WHAT YOU ARE ASKED TO DO: Starting with the line that includes "Na jedan list", write out every remaining line of the records below exactly as it appears, leaving out any images.

Source data:

----------------------------------------

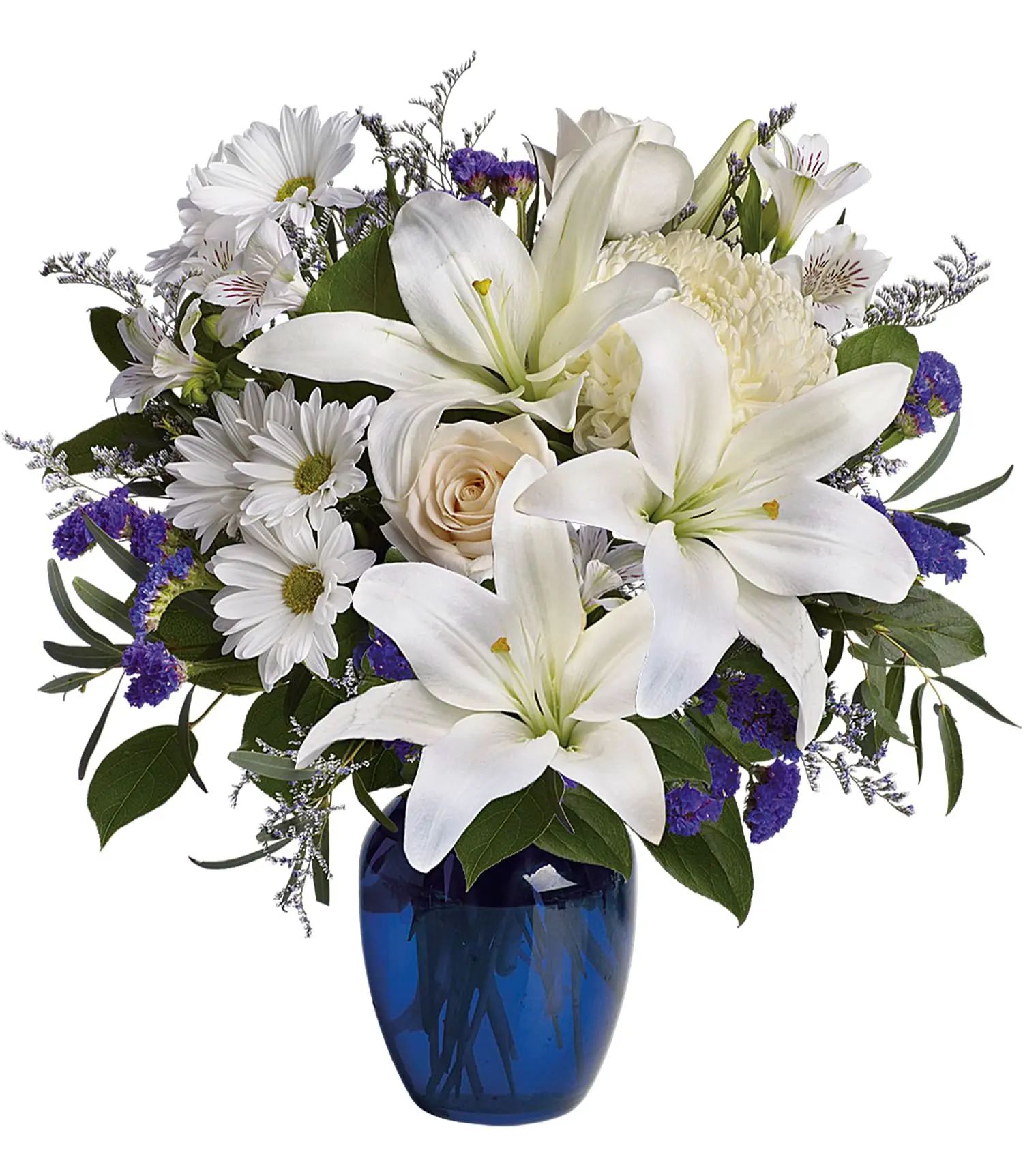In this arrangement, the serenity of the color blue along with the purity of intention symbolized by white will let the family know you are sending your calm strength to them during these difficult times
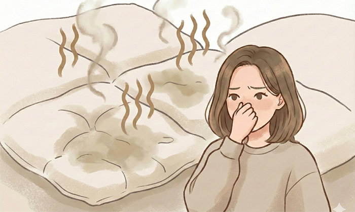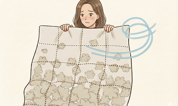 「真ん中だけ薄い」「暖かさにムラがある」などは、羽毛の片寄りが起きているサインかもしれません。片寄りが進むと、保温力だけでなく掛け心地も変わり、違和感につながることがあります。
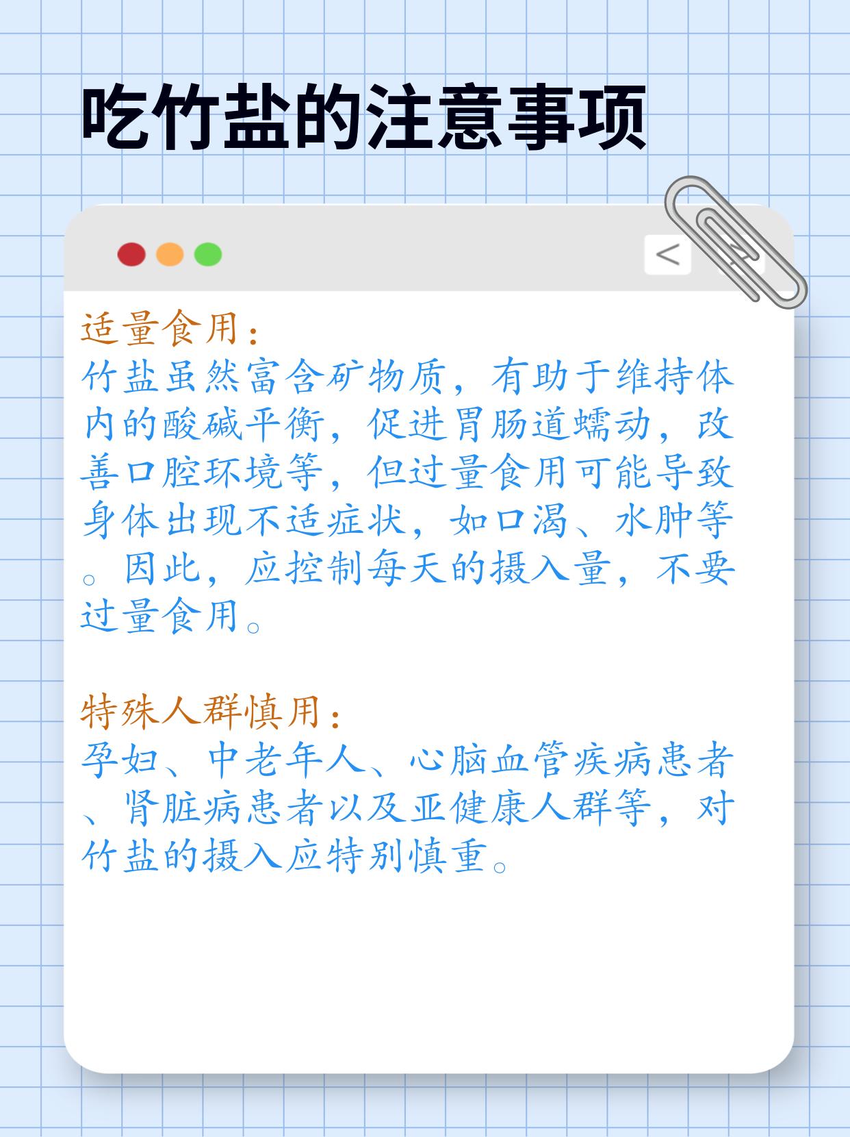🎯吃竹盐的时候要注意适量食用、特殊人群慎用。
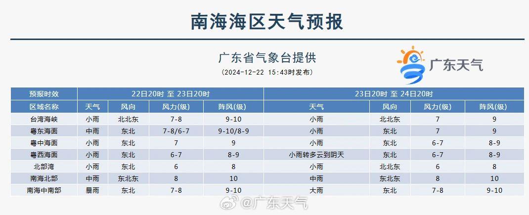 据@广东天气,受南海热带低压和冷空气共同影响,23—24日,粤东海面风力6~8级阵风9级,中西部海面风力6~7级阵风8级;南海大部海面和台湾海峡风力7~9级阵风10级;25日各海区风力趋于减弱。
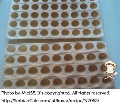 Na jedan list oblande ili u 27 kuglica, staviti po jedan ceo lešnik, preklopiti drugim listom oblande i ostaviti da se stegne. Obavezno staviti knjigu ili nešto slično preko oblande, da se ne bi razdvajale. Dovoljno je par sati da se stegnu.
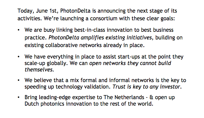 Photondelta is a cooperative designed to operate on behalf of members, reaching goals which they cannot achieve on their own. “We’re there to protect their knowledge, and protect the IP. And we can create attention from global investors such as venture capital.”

----------------------------------------

EXERCISE ANSWER:
 Na jedan list oblande ili u 27 kuglica, staviti po jedan ceo lešnik, preklopiti drugim listom oblande i ostaviti da se stegne. Obavezno staviti knjigu ili nešto slično preko oblande, da se ne bi razdvajale. Dovoljno je par sati da se stegnu.
 Photondelta is a cooperative designed to operate on behalf of members, reaching goals which they cannot achieve on their own. “We’re there to protect their knowledge, and protect the IP. And we can create attention from global investors such as venture capital.”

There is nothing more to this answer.